Evaluation of electrochemical and bioactive performance of tailored TiO2 nanotubes for orthopaedic application

The nanostructured surfaces are assumed to perform the fundamental roles in bone regeneration process as bone by itself is having the nanometer regime with structural hierarchy. Specifically electrochemical anodization process is used to develop well aligned nanotubes on titanium surface. The factors such as anodization time, voltage, electrolyte, pH can be adjusted to attain well aligned and round opening titanium nanotube arrays (TNTA). The purpose of the current research is to investigate the influence of anodization time as a protocol.
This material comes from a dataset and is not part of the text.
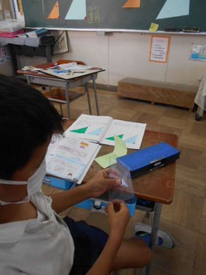 今日は、「切ってできた形について調べよう」ということで、直角について学習しました。三角定規にも直角があることや直角のある三角形を直角三角形ということを学びました。最後には、「2種類ある三角定規の辺と辺をつなぎ合わせると、四角形ができるよ。」と、三角定規を色々とつなぎ合わせて調べていました。(写真中・下段)

The surface morphological features of TNTA-1 h, TNTA-1.30 h and TNTA-2 h were studied using SEM and ATR-FTIR spectrum. After annealing the TNTA samples, the conversion of the samples to anatase crystalline phase was established over XRD analysis. The contact angle measurement was accomplished to understand the wettability nature of the surface. The corrosion resistance of TNTA samples was established with electrochemical impedance spectroscopic studies (EIS) and potentiodynamic polarization studies. On observation, the nanotubes tailored after 2 h anodization is having the potential to resist the corrosion activity at high range. The in-vitro immersion studies were carried out in synthesised Hanks' solution for 7 days and the growth of apatite formation was assessed with SEM and ATR-FTIR characterization studies. Cell culture studies were carried out in all the samples and the appropriate cell viability and proliferation were analysed. Overall on investigation, the better performance of TNTA-2 h as an orthopaedic implant material was confirmed through corrosion studies, in-vitro and cell culture studies respectively.